Поплавок дергался, мое сердце тоже. Но не от слов, которые для меня ничего не значили. Уже пора, спрашивала я себя? Или еще чуть-чуть? Я дернула что было сил, на крючке висела рыбка!

— Кумжа! — завопила я. — Я поймала кумжу!

Они обернулись, дядя Александр восхищенно снял шляпу. Но, разглядев, что болтается на крючке, надел ее и покачал головой:

— Ошибочка, Надя. Не та рыбка. Это окунь…

Но, как я поняла позднее, ошибочка вышла в другом.

Я не сказала родителям о том, что знаю, я любила их и чувствовала с ними себя защищенной. Я знала: если скажу — защита рухнет. Понимаете, когда что-то неприличное, тайное открывается тому, от кого хотят это скрыть, — это несчастье для всех. Я держала при себе эту тайну, она была только моей.

Но мне больше не хотелось прежней близости с родителями, я радовалась, что должна уехать в Москву. Я решила поступить в университет, чего бы мне это ни стоило.

Я сделала, как говорили, невозможное — без репетиторов, без протекции, без всякой поддержки взяла такую высоту.

Много раз я расспрашивала родителей о прошлом. Они отвечали, но рассказывали только то, что я уже знала — детский дом в конце войны, мальчик и девочка, неразлучные с первого дня. Они выросли и поженились. От их любви родилась я.

Все было бы так же замечательно до конца их дней и моих, иногда с досадой думала я, если бы не дядя Александр. Этот старый господин приехал из Финляндии только потому, что хотел держать перед глазами безупречное генеалогическое древо рода Фоминых. Но ведь в их роду нет ничего выдающегося и никого, зачем ему? Или он надеялся обнаружить нечто, что возвысило бы его в собственных глазах? Уже потом я поняла, что там, где он живет, где вырос, люди ценят обыденное. То, что вы называете быть.

Я училась на ихтиолога, после первого курса дядя Александр пригласил меня приехать к нему поработать. Я занималась мальками кумжи, которую он хотел сделать главной в своем бизнесе.

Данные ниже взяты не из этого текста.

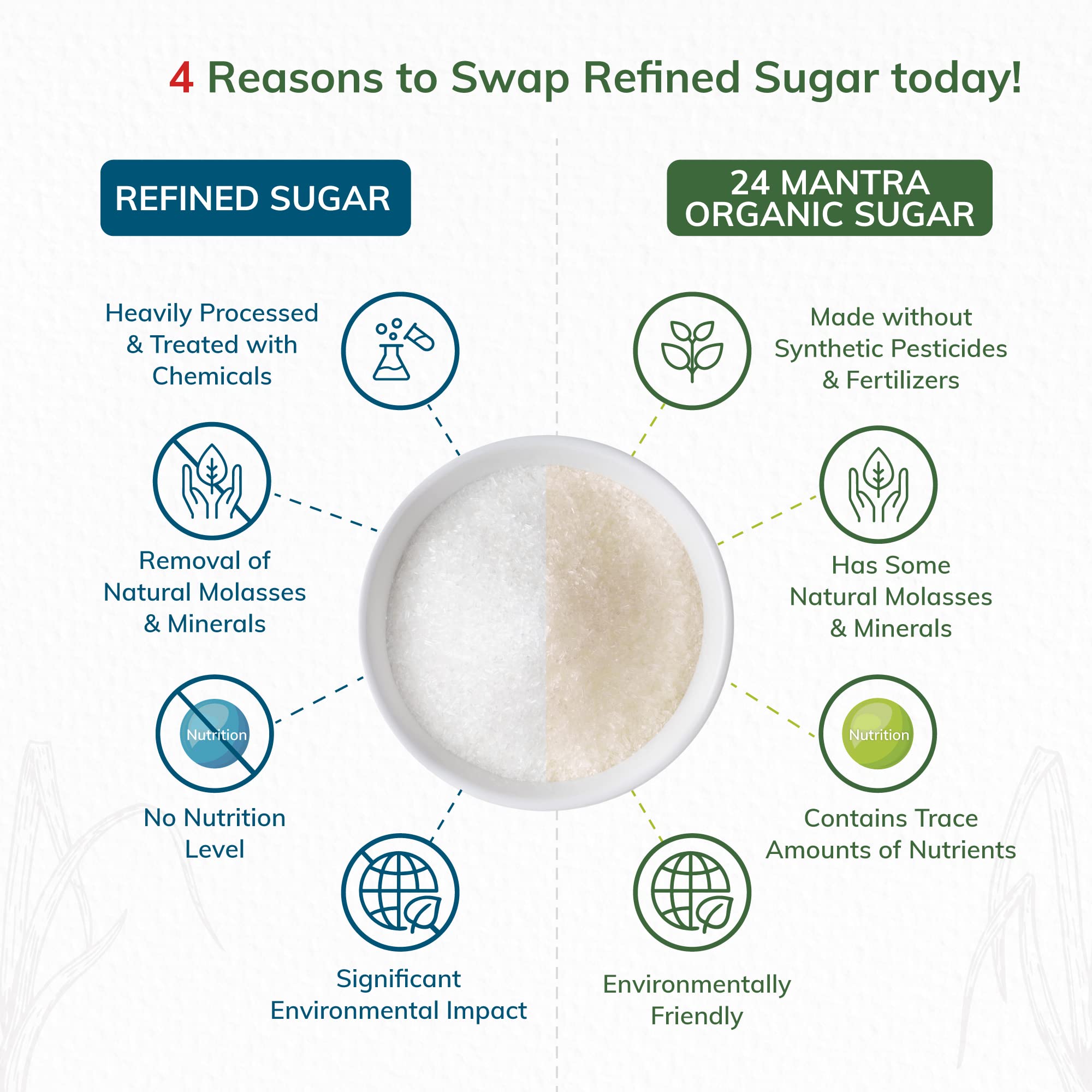 Product Description Sugar denotes sweetness. Cane sugar/Organic Sugar is an ingredient that has been around for a long time. Any auspicious moment or happy incident is marked by eating sweet which is a taste usually contributed by sugar. Any celebration is incomplete without sugar! Sugar occupies a very unique place in our culture. Sugar is a simple carbohydrate that is used in a variety of recipes from simple tea to gourmet Tiramisu. 24 Mantra Organic Sugar is made from a certified organic sugarcane crop From the Manufacturer 24 mantra brings to you organic sugar that is perfect for every health-conscious person who cares for natural products. Organic sugar is a product of organic farming. A special variety of sugarcane is cultivated with no chemical treatment i.e. Without the use of chemical fertilizer insecticide and pesticide. To grow organic sugar cane organic manure like dung or compost is used. 24 mantra ensures that customers get the best quality natural and pure organic sugar. This organic sugar is absolutely pure because even for processing vegetable clarification agent and herbal extracts are used to clean the sugar. Only 40 percent sugar can be produced from such brown sugarcane.What is Organic?Organic is a way a habit and a practice all rolled into one. It refers to a way of growing and processing food. It is also about the reliance on an ecological system that sustains itself on rich soil and proven traditional practices to grow crop and food that resists pests and diseases. Organic also means the farmers don't use toxic persistent pesticides fertilizers which are known to contaminate soil air water and the food. In fact organic farmers and farming involves practices of rotating crops deploying beneficial insects using locally honed methods adding composted manure and plant wastes to the soil.They choose solutions to the pests and disease problems that affect their crops in a way that does not damage and destroy the planet. Their wisdom is proven so are their practicesKey benefits No pesticides or harmful chemicalsBetter nutrition rich in antioxidantsBetter tasteBetter ecologySustainable -better planet for our childrenSafe foodNo water contaminationFarmers better lives10 reasons to go organic 1. Protect children and your family members from cancer causing pesticides 2. Say goodbye to chemicals in your diet 3. Get the taste of health and nutrition 4. Reduce health risks with Organic purity 5. Eat foods adhering to international standards 6. Protect the earth as organic farming is planet friendly 7. Prevent water contamination as there are no chemicals pollutants in organic farming 8. Gain from the diversity of crops which is becoming a thing of the past 9. Help small farmers and eliminate middlemen to create sustainable livelihoods 10. Stay in harmony with natureOur StandardsUS EU and India certified us. Organic certification is a process that helps producers of organic food and other organic agricultural products to get their products certified through internationally accredited certification bodies such as Control Union Onecert IMO Indocert etc. Organic certification is intended to assure quality and prevent fraud. Certified organic label is a product assurance for consumers worldwide.The standards are laid down and administered in India by APEDA. The standard is called the NPOP National Programme for Organic Production. Similarly the US standard is called USDA NOP (National Organic Programme) standards and the European Union standards are specified by regulation EC 834/2007Our FarmersThey come with different sizes of land. They belong to different States of India. They enjoy a reputation of being empathetic to nature and the planet. They care about growing healthy pure food. Organic farming begins with good well meaning farmers. They are at the core of our journey. For us it means partnering with them in a way that benefits them and sustains their lands and longevity. We have 20000 farmers working on 30 farming projects spread over 100000 acres in 15 States in India.

Под его влиянием я завела в доме три аквариума, которыми без меня занимался отец. Он вообще готов был сделать для меня все, что угодно, это начинало раздражать. Я-то знала почему…

Надя вздохнула.

— Однажды я увидела, как он плачет. Мне стало так страшно, как не было никогда. Даже когда я упала… Мой отец, мужчина, сильнее которого я никогда не видела, плакал. Я едва удержалась, чтобы не кинуться к нему, не сказать, что я все знаю, что не надо больше таиться. К тому времени я уже поняла, что хранить тайну гораздо труднее, чем узнать ее.

Но… я удержалась.

Я училась на третьем курсе, мои сокурсницы одна за другой выходили замуж. Все чаще в голове мелькали слона дяди Александра — помните, я подслушала его разговор с моими родителями? Что секс позволяет человеку ощутить себя живым при самых тяжелых обстоятельствах. Л мои обстоятельства разве не были тяжелыми?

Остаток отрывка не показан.